Based on the classic fairy tale Beauty and the Beast, Cruel Beauty is a dazzling love story about our deepest desires and their power to change our destiny.

Since birth, Nyx has been betrothed to the evil ruler of her kingdom-all because of a foolish bargain struck by her father. And since birth, she has been in training to kill him.

With no choice but to fulfill her duty, Nyx resents her family for never trying to save her and hates herself for wanting to escape her fate. Still, on her seventeenth birthday, Nyx abandons everything she's ever known to marry the all-powerful, immortal Ignifex. Her plan? Seduce him, destroy his enchanted castle, and break the nine-hundred-year-old curse he put on her people.

But Ignifex is not at all what Nyx expected. The strangely charming lord beguiles her, and his castle-a shifting maze of magical rooms-enthralls her.

As Nyx searches for a way to free her homeland by uncovering Ignifex's secrets, she finds herself unwillingly drawn to him. Even if she could bring herself to love her sworn enemy, how can she refuse her duty to kill him? With time running out, Nyx must decide what is more important: the future of her kingdom, or the man she was never supposed to love.

Where should I even start with Cruel Beauty? I have so many thoughts, all scattered about my brainbox. First off, I guess I should say that a lot of readers are probably going to struggle with Cruel Beauty. The writing’s ornate, the pace fairly slow, and the plot exceedingly complex and intricate. YA, in general, tends to go down easy, but Cruel Beauty requires reflection and discussion to suss out the finer points. I already know that this is a book I will be rereading, because there’s so much I missed the first go-round. Cruel Beauty is an acquired taste for sure, a beautiful child borne of fairy tales and Greek mythology, a union I never knew I so desperately wanted until Rosamund Hodge served it up to me.

Let me warn you, dear reader, that Cruel Beauty starts slowly.

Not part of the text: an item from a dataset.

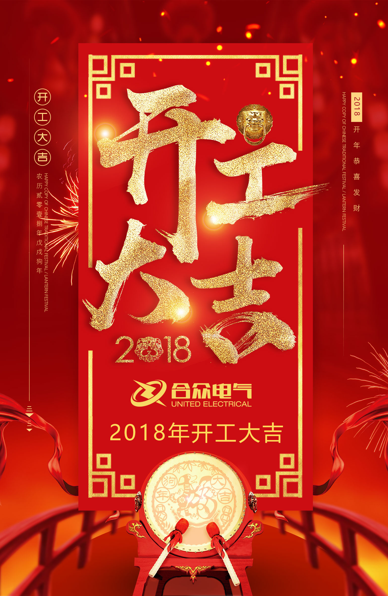伴隨著新年鐘聲的敲響,2017年已經過去,歷史的車輪駛入了2018年!2018年2月23日(正月初八)武漢市合眾電氣設備制造有限公司今天正式開工啦,各項業(yè)務進入正常運作,繼續(xù)為廣大客戶朋友們服務。在此合眾電氣向廣大合眾客戶及其家人致以新年的祝福,對在過去的一年里給予的積極合作與支持表示衷心的感謝!祝大家在新的一年里身體健康,萬事如意,希望你們一如既往的支持公司的各項工作!

Hodge starts out with world building in a big way. For about a hundred pages, Cruel Beauty infodumps world building on your head. Were it not for Hodge’s incredibly gorgeous prose, I might have considered DNFing. As it was, the Greek mythology, fairy tale elements and the writing didn’t make that possible, but I was still concerned. However, once the sheer information overload ceases, Cruel Beauty becomes incredibly impressive.

Though I remain fuzzy on some of the elements of the world building, I’m certainly fascinated by it. Hodge seems to have developed an alternate history spinning off of Ancient Greece, one in which the gods and goddesses are all real. Within this scope, a demon has subjugated the land of Arcadia, where the heroine lives. The Gentle Lord encased Arcadia within a parchment dome and occasionally sics his demons on the populace. Characters hearken back to Greek mythology or to Greek dramas.

Hodge gets the tone of Cruel Beauty perfect. This book has the darkness of original fairy tales and the brightness too, the fickleness and unreliability of the Greek pantheon, and the family drama of the Greek classics. Everything is confusing and mired in shadow. As you read, you’ll find yourself constantly questioning what is real and what is illusion. References to Greek mythology and fairy tales are littered throughout the pages of Cruel Beauty for the discerning eye to admire. From a technical standpoint, I marvel at the complexities, even if I can’t appreciate them all on the first read through.

Two elements made Cruel Beauty a success with me on an emotional level. First, the heroine. Nyx endears herself to me by reason of her not being especially likable. With Cruel Beauty being in some measure a retelling of Beauty and the Beast, you might be expecting someone like the Belle of the Disney movie. In fact, Nyx is the “wicked sister,” the one who, in a classic tale, would not get the love of a prince, but would end unhappily destroyed by her own evil. Nyx has poison in her heart and on her tongue. She struggles to tamp down the hate inside her, desperate for someone to care but also constantly pushing them away. She’s angry and mean and entirely herself.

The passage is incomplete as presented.